机器学习笔记

最近在看吴恩达的机器学习视频,这里写下自己的理解。

 

第一阶段 Introduction

 

定义

机器学习最早的定义是由Arthur Samuel (1959)提出的:

Field of study that gives computers the ability to learn without being explicitly programmed. 

另一个更加准确的定义是

A computer program is said to learn from experience E with respect to some task T and some performance measure P, if its performance on T, as measured by P, improves with experience E. 

比如在一个预测垃圾邮件的机器学习算法中,E代表学习垃圾/非垃圾邮件的标题,T代表将垃圾邮件分类,P代表分类的正确率

 

用处

里面列举了这四大类:

- Database mining .Large datasets from growth of automation/web.
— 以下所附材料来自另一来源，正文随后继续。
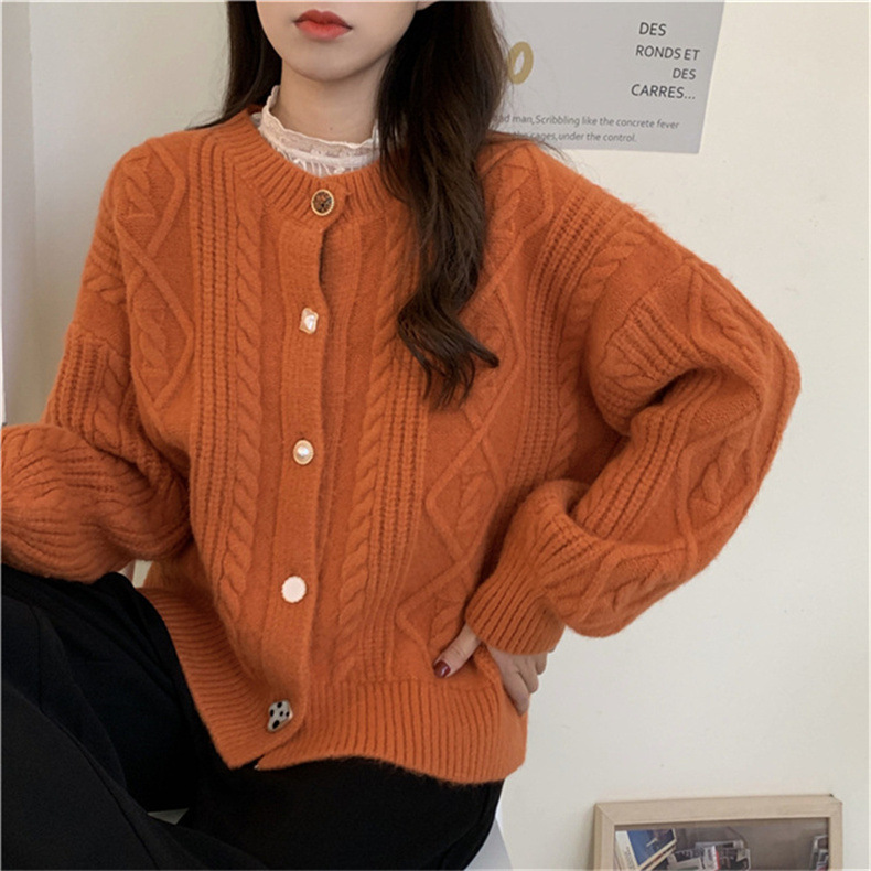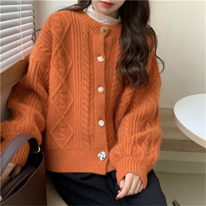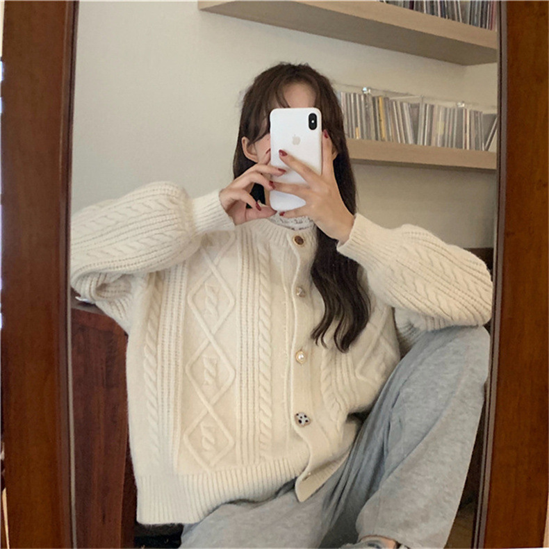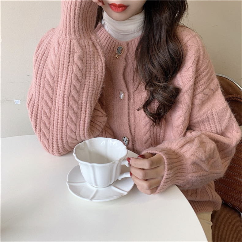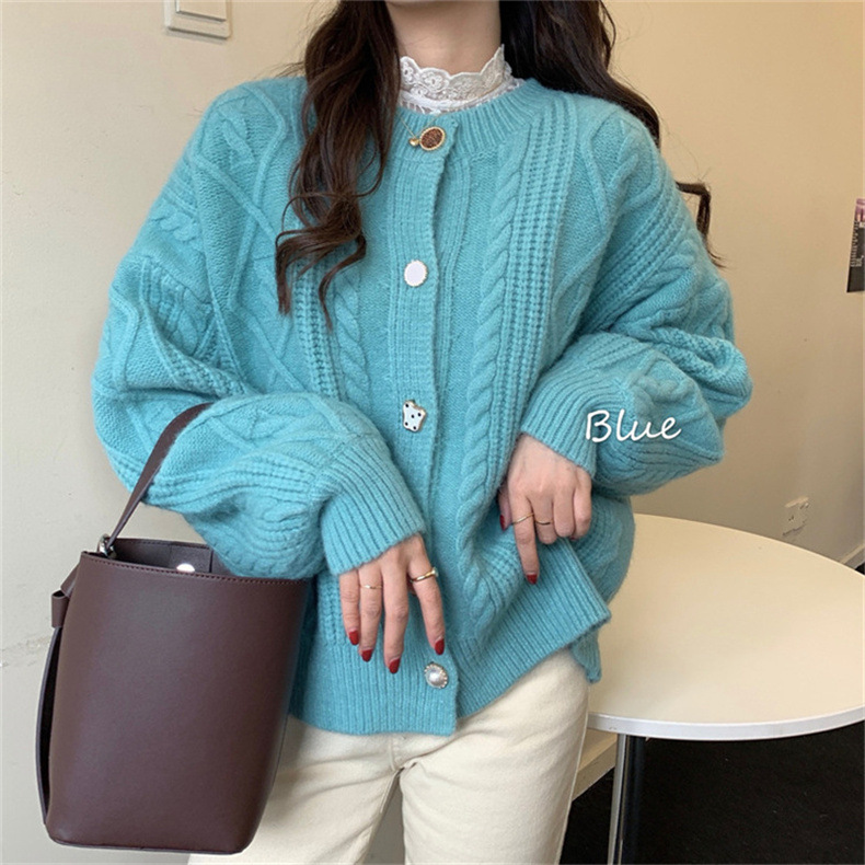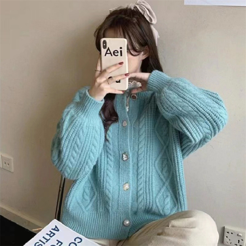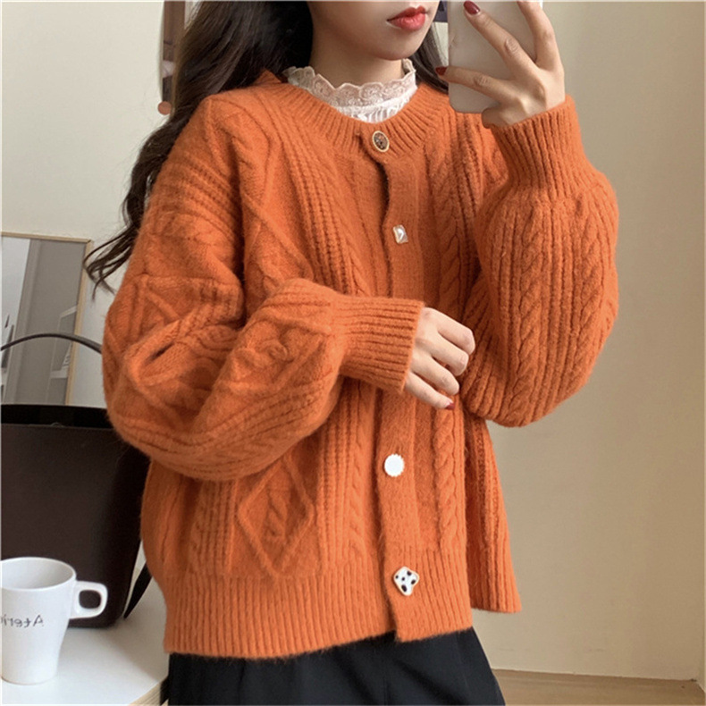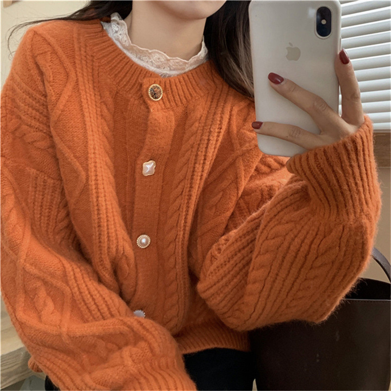 法式复古麻花圆领毛衣外套女秋季新款灯笼袖宽松百搭针织开衫女装
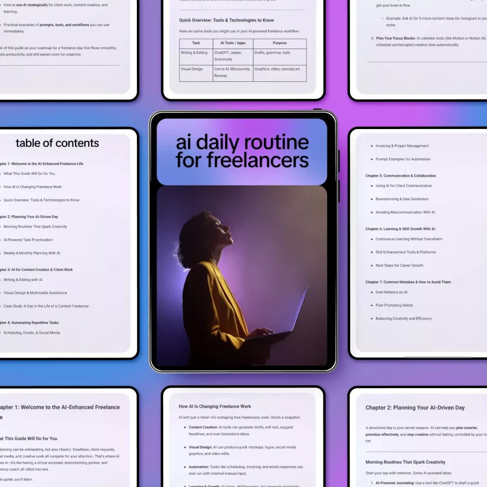 Freelancing doesn’t have to mean juggling endless tasks, scattered ideas, and long workdays. AI Daily Routine For Freelancers is a practical, easy-to-follow ebook designed to help you build a focused, efficient daily workflow using artificial intelligence. This guide shows you how to plan your day, manage client work, and grow your skills without burnout. Whether you are new to AI or already experimenting with tools, this ebook helps you turn technology into a daily advantage instead of a distraction.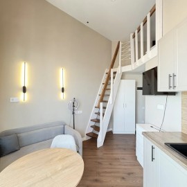 Сдается в аренду уникальная студия, со вторым светом и небольшой спальней на втором уровне. Первый уровень 13. 6 кв. м. , второй 4. 73 кв. м. Студия укомплектована всей необходимой мебелью и техникой, в современном ЖК Sky Skolkovo. Премиальная отделка входных групп, при входе стойка...

E.g., Web click data, medical records, biology, engineering

- Applications can’t program by hand. E.g., Autonomous helicopter, handwriting recognition, most of Natural Language Processing (NLP), Computer Vision.

- Self-customizing programs E.g., Amazon, Netflix product recommendations

- Understanding human learning (brain, real AI).

数据挖掘,不能手动编写的程序,产品推荐系统,理解人类的学习...

 

算法

然后将算法分成两大类:监督学习( Supervised Learning)和非监督学习(Unsupervised Learning)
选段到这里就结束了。